Selection of novel candidate HKGs based on RNA-seq data
From a complete transcriptome dataset, the fragments per kilobase of exon model per million mapped reads (FPKM) of all transcripts from each individual animal were obtained. We first removed some transcripts which did not have a credible function annotation, or exhibited low levels of expression (FPKM=0). This resulted in 15853 unigenes being found for further selection.

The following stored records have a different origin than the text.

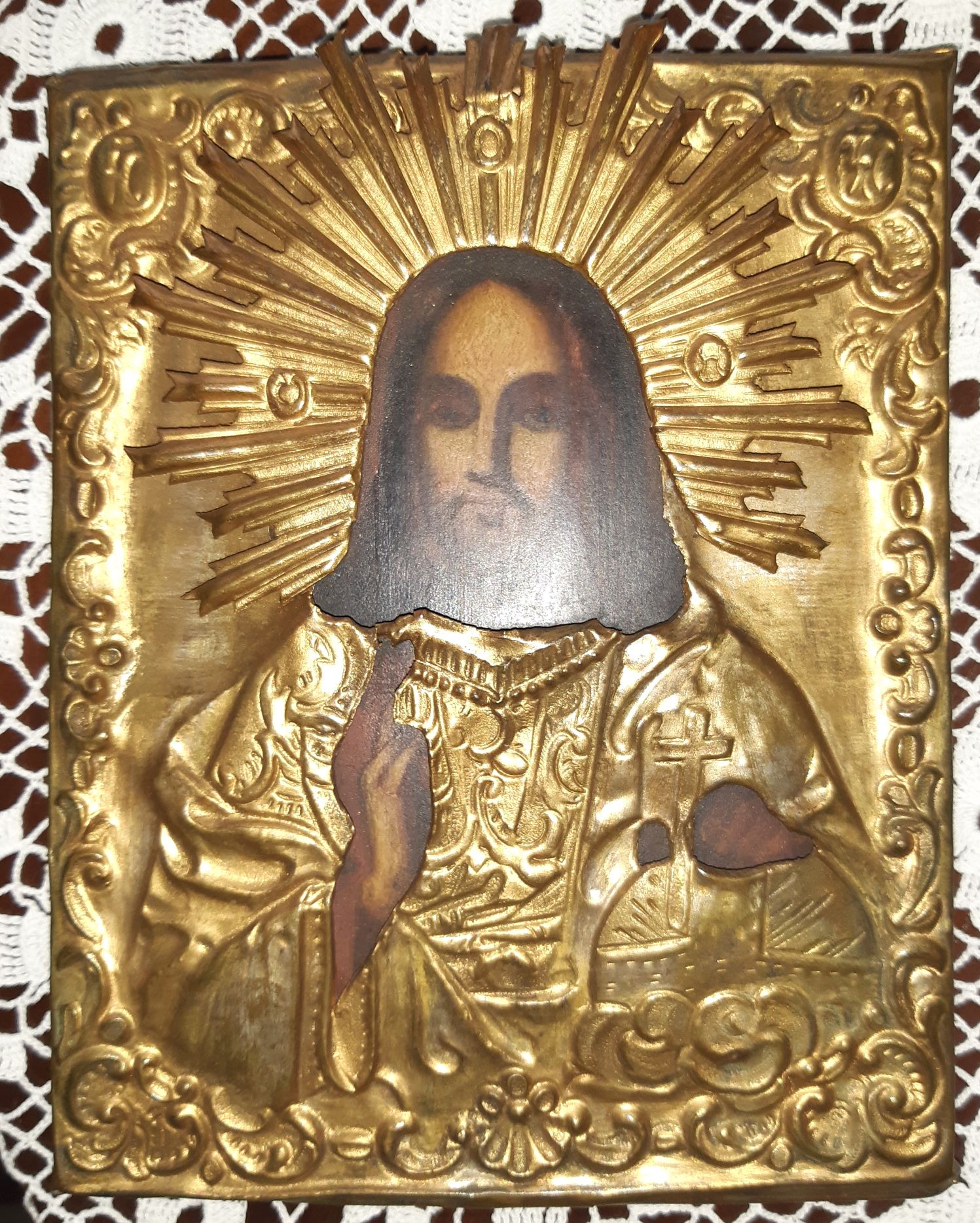 Krisztus a világ ura: XIX. századi antik orosz ikon, aranyozott rézoklád, ép, korának megfelelő állapotban, mérete 18x14 cm
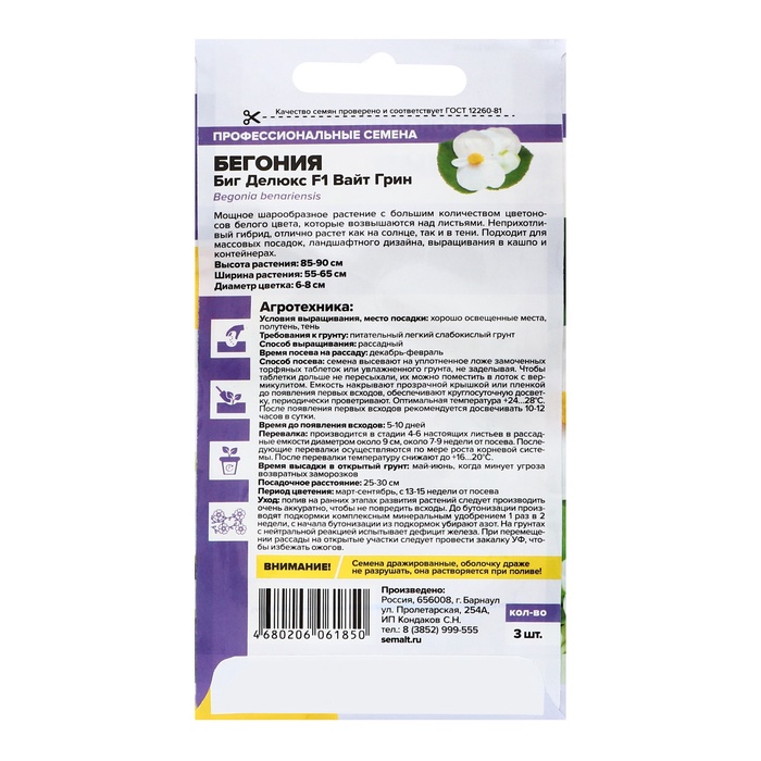Семена белой бегонии отличаются стабильным качеством и хорошей всхожестью, поэтому этот цветок станет настоящей находкой для тех, кто стремится создать уют и красоту на своем балконе или участке.
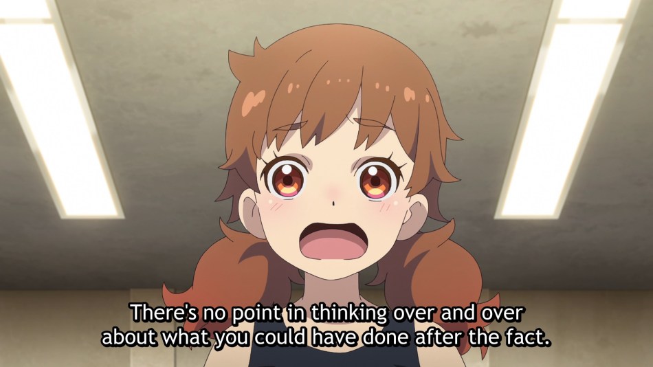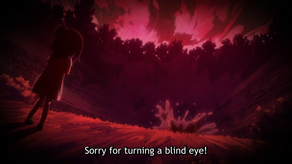 Throughout recent episodes, Shizuku has been thinking back to more and more moments in her friendship with Yoka, wondering what she could have done differently and slipping deeper into regret. The theme of this episode is moving past that regret and focusing on what can be done in the present, which I suppose is meant to galvanize Shizuku. While I appreciate the sentiment being expressed, it doesn’t really feel like this has held her back in any meaningful way. Shizuku has still been able to thwart tiny military battalions and fend of zombie hordes – she’s not exactly wallowing in her pain.
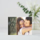Este resplandor rústico que salva la fecha incluye una foto completa y letras purpurinoso. El texto en color champán dice "Salva la fecha" con letras casuales a mano con un aspecto purpurina. Debajo del diseño de la tipografía, agregue sus nombres y detalles del boda. Se pueden añadir detalles adicionales al dorso de la postal.

Next, genes with a relatively high expression level (FPKM ≥ 10 or ≥ the 80th percentile) as determined by the average of the FPKM value, and genes with low variability as determined by the coefficient of variation (CV, %), maximum fold change (MFC), and dispersion measure (DPM), were evaluated (see Methods section). As shown in Figure 1, the probability density curve of all 15853 unigenes was evaluated based on the following 4 indicators:
(1) FPKM. Potential HKGs were relatively highly expressed genes . In this study, 5623 genes had FPKM values ≥ 10 (35.5% of 15853 genes, the green area in Figure 1A).
(2) CV (%). The most promising HKGs would have the lowest CV values. A total of 2266 genes with a CV ≤ 20% (14.3% of 15853 genes, the red area in Figure 1B) were retained in this step with CVs ranging from 7.7% to 20.0%.
(3) DPM. Most stable genes exhibited lower DPM values. The default parameter of DPM<0.3 returned an excessive 7025 unigenes, and so a more stringent DPM < 0.2 was used. Following this, 2026 genes (12.8% of 15853 genes, the yellow area in Figure 1C) were retained in this step with DPM values ranging from 0.09 to 0.2.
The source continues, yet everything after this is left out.